County: Kerry Site name: SKELLIG MICHAEL
Sites and Monuments Record No.: N/A Licence number: C475; E4337; R272
Author: Martin Reid
Site type: Lighthouse platform
Period/Dating: —
ITM: E 424808m, N 560621m
Latitude, Longitude (decimal degrees): 51.770449, -10.538608
Excavations took place in advance of conservation/reconstruction works by the Office of Public Works at the site of a partially collapsed lighthouse platform. The site is located on the south side of Skellig Michael, adjacent to the south steps and on the opposite side of the steps from the feature known as ‘The Wailing Woman’ and marked ‘yellow cross’ on the 1st-edition OS map.
The aims of the excavation and works were to make safe the platform or terrace and to establish the nature and significance of the archaeological remains. These aims were to be achieved in spite of restrictions due to the presence of protected nesting birds (puffins and storm petrels). The work proceeded sensitively and in consultation with staff from the OPW, BirdWatch Ireland and the National Parks and Wildlife Service (NPWS).
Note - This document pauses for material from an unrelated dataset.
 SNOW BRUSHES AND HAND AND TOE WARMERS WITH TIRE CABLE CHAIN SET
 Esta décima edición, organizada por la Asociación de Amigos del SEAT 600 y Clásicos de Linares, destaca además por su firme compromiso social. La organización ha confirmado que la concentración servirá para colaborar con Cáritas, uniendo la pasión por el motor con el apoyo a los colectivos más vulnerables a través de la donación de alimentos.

The work uncovered evidence for two walls of a previously unknown building. The walls were internally plastered, and roof slates and mortar for holding the slates onto the eaves were found. Fragments of window glass and occasional red brick fragments were found. This building was built against a rock face that had been quarried out to give some shelter from the severe weather. Evidence for occupation included fragments of stoneware jars and 19th-century cups and plates, glass bottles and animal bones, including pig, sheep, bird and fish bones. The structure may have been a store for building materials or a workshop associated with a working platform used during the construction of the south steps. Several new steps were also found leading from the exposed stone stairs down onto the terrace. Corroded iron nails and fragments of iron bars and other amorphous lumps of iron may be all that remains of the tools and implements used by the busy construction workers to quarry stone and shape it to make the stairways leading up to the earlier monastic site.
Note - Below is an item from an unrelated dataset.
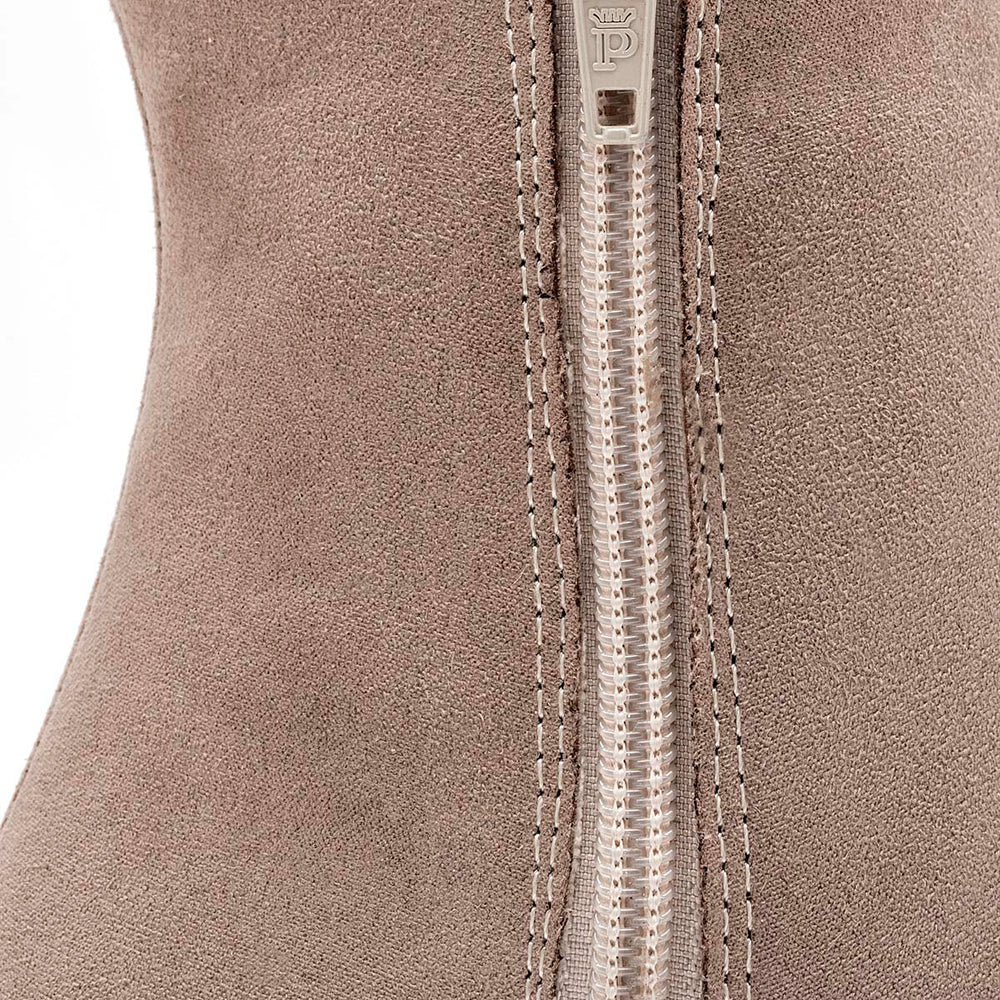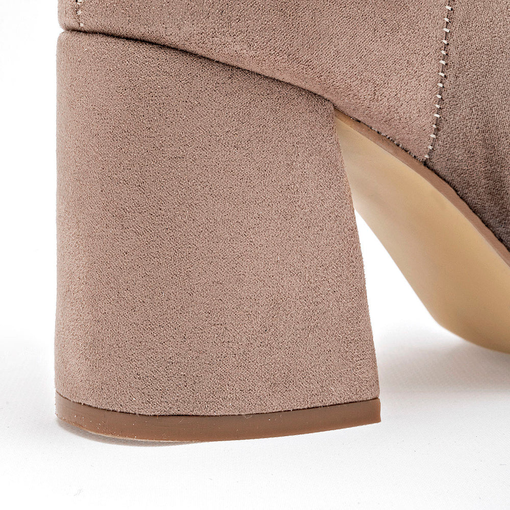 Confeccionado en un suave material de gamuza que lo hace fácil de combinar con cualquier paleta de colores. Su diseño minimalista y depurado destaca por una punta ligeramente cuadrada y un tacón robusto. El tacón tipo bloque de 8 cm proporciona una elevación estilizada, a la vez que asegura estabilidad y comodidad al caminar. El cierre de cremallera lateral en la parte interior facilita un calce rápido y sencillo.

The dangerous nature of this site was clearly demonstrated by the discovery that one large boulder had fallen and partially crushed one of the side walls of the terrace. No attempt had been made to remove the boulder from where it fell. It seems possible that the effect of the rockfall made the lighthouse men reconsider their use of this terrace, as the building was deliberately dismantled. Following demolition, some stone was removed for use elsewhere and a limited clearance took place. Two new side terrace walls were built, reusing some of the stone from the demolished building. A plastic dinner tray, glass bottle fragments and a halfpenny of George V dated 1936 were among the finds recovered from this phase of use of the terrace. The age of the tourist had clearly arrived.
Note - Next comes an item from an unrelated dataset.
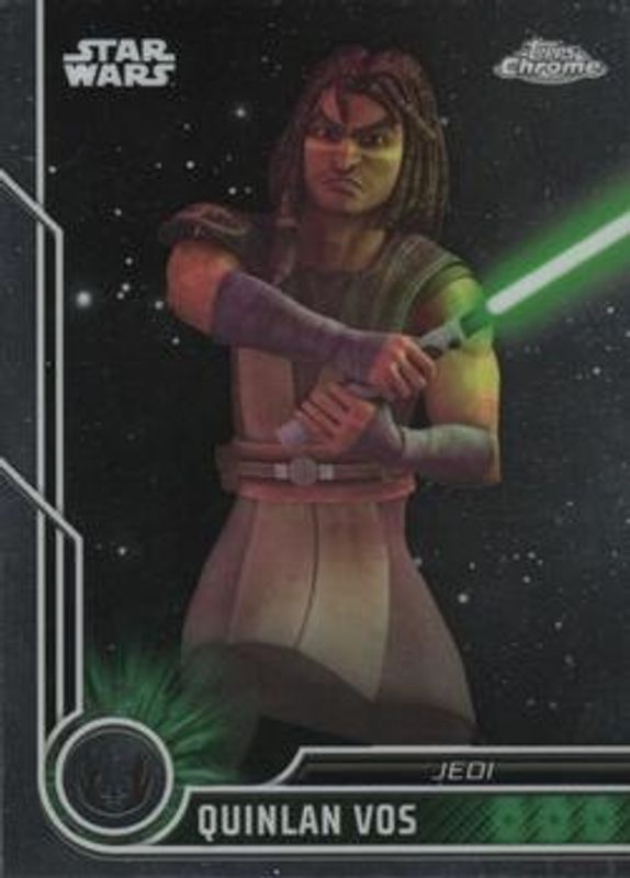 The Quinlan Vos 2023 Topps Chrome Star Wars #50 Base card is 1 of 11 Quinlan Vos' card variations in the 2023 Topps Chrome Star Wars set being tracked by Sports Card Investor, including Black Wave, Purple Wave, Refractor, Aqua /199, and Blue /150.

The collapsed part of the front terrace wall was reconstructed, reusing the same stones that had subsided. When these works are finally completed (in 2012) it is intended that the terrace will provide a safe staging point for visitors to rest on their journey up the steps towards the monastery. It is hoped that the reinstatement of the terrace will improve the experience of visitors, especially those who are daunted by the full scale of the climb of 620 steps or more to the monastery.